Steelers News

Tomlin Hints OLB Position Play Against Run Wasn’t Main Issue Against Bears

The Chicago Bears ran wild over the Pittsburgh Steelers Sunday at Soldier Field and a lot of their rushing yardage came via the outside zone stretch play. Because of that, Steelers head coach Mike Tomlin was asked during his Tuesday press conference if he thought his defense had any trouble setting the edge during Sunday’s game.

“You know, not consistently, but at times,” Tomlin said. “There’s going to be a hole or two from time to time, particularly when you’re as well-prepared as those guys, and they were. I tip my cap to Coach [John] Fox and those guys. They had a great plan. So, there’s going to be a big hole from time to time, usually those plays are minimized with good tackling. Those are the 6 to 8 to 11 yard gains that you might see in the running game from time to time.

“Really, our biggest issue is those instances, there were several of those instances we weren’t good tacklers. Those holes became field-flipping plays, 26-yard gains, 40-yard gains, and so forth. So it was a combination of us being a little bit more solid on the perimeter at times, good schematics by them, and when those two things occurred, we didn’t do a good job of tackling. And sometimes good open-grass tackling covers up a lot of things and there were some missed tackles on some of those breakout plays.”

Since Sunday’s game ended, Steelers outside linebacker James Harrison, who played all of three defensive snaps against the Bears, was asked if he thinks he can still effectively set the edge against outside zone stretch plays.

“I could do that [set the edge] when I’m 60,” Harrison said, according to Ed Bouchette of the Pittsburgh Post-Gazette.
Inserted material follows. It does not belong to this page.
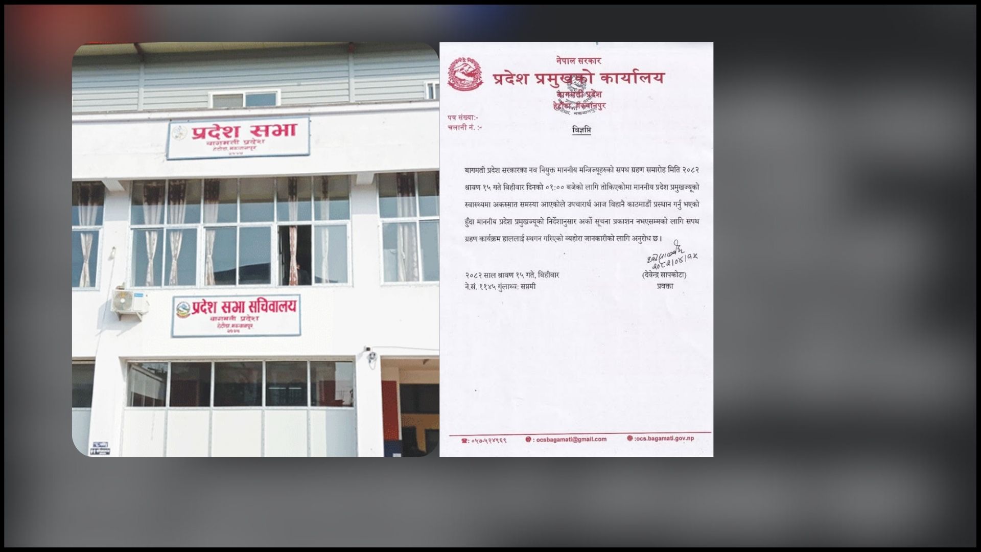 रामेछाप । बागमती प्रदेश सरकारका नवनियुक्त मन्त्रीहरूको आज बिहीबारका लागि तय गरिएको शपथग्रहण कार्यक्रम अनिश्चितकालका लागि स्थगित गरिएको छ । शपथग्रहण कार्यक्रम आज दिउँसो १ बजेका लागि तय गरिएको थियो। तर प्रदेश प्रमुख दिपकप्रसद देवकोटा स्वास्थ्यमा समस्या देखाए आज बिहानै काठमाडौं हिँडेपछि शपथग्रहण कार्यक्रम रोकिएको हो ।उनी आज बिहानै उपचारका लागि काठमाडौं हिँडेको प्रदेश प्रमुखको कार्यालयले जनाएको छ ।बुधबार भएको काँग्रेस संसदीय दलको निर्वाचनमा मुख्यमन्त्री लामालाई पराजित गर्दै इन्द्रबहादुर बानियाँ संसदीय दलको नेता बनेका छन् । बानियाँले २२ मत प्राप्त गरेका छन् भने लामाको पक्षमा १४ मत परेको छ । त्यस्तै एक मत बदर भएको थियो ।संसदीय दलको नेतामा पराजित भएपछि प्रतिक्रिया दिदै मुख्यमन्त्री लामाले संबिधानमै दुई बर्षसम्म सरकार परिवर्तन गर्न नपाइने व्यवस्था रहेको बताउदै राजीनामा दिन अस्वीकार गरेपछि नयाँ विवाद शुरु भएको छ ।

Because of Harrison’s comments and combined with the fact he has a long history of playing well against the run and especially when it comes to outside zone plays, Tomlin was asked Tuesday if he gave any thought to using the veteran outside linebacker in that role Sunday against the Bears.

“I don’t know if it was specifically the outside linebacker position that was viewed as an issue in that football game and James speaks to the outside linebacker position,” Tomlin said. “Largely, we’ve got to do a better job of minimizing the run. I’m not singling out any position and I think a discussion about his participation, or non participation, does that and I don’t want to lead perception in any wild directions, man. Perception’s been led in enough wild directions in recent days, hasn’t it?”

In short, Tomlin made it sound like outside linebacker Anthony Chickillo, who started at right outside linebacker against the Bears in place of the injured T.J. Watt, wasn’t the weak link on Sunday when it came to outside zone running plays to his side of the field. In my honest opinion, the all-22 tape backs this up. Was Chickillo perfect? Absolutely not, but it looked to me like most of the issues on outside zone runs to the right side of the Steelers defenses in Sunday’s game were mostly related to the play of the team’s inside linebackers, defensive backs and overall schematics.

Regardless of which player or players were at fault when it came to the Steelers defense failing to stop the Bears rushing attack on Sunday at Soldier Field, the problem needs to be fixed in a hurry.